Weather report Posted on January 11, 2016

Years ago Trad used to do periodical weather reports – partly because no one else seemed to; they just grumbled. In Essex in the 1970s I spotted a warming trend. In the ’80s it was the coming Ice Age everyone was talking about. I kept painstaking records of rainfall and temperature in a book in the greenhouse for 41 years without learning very much, let alone being able to plot a pattern.

Rainfall at its meanest was something like 16 inches, in the whole of 1976; I think one year we were blessed with 40. Our coldest winter was 1982/3. A lot of favourite plants were killed; I have fondest memories of an Abelia triflora 12 feet high, graceful as a fountain, its pink flowers divinely perfumed in June.
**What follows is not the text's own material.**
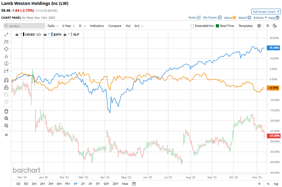 Shares of the frozen foods supplier have underperformed the broader market over the past 52 weeks. LW stock has declined 27.3% over this time frame, while the broader S&P 500 Index ($SPX) has gained 14.5%. Moreover, shares of LW are down 12.5% on a YTD basis, compared to SPX’s 16.5% increase.

Like an idiot (and lots of other gardeners) I took this as a sort of divine command, or at least a pretty strong hint, not to try growing them again – and so missed their company unnecessarily for the next 30 years. You find out that a plant is tender when it dies; meanwhile you should enjoy it. It may be a gardener’s pleasure, but it is certainly not a duty, to keep everything alive year after year.

Then we came to London, and now take for granted that cafes have tables on the pavement all year round and most pub drinking is outdoors – things unheard of a generation ago. So yes, it’s got much warmer. Is it global? Is it our fault? Is there anything we can do about it? However sketchy the evidence, vox pop says yes. What would it have said if the predictions of the ’80s had looked likely to come true?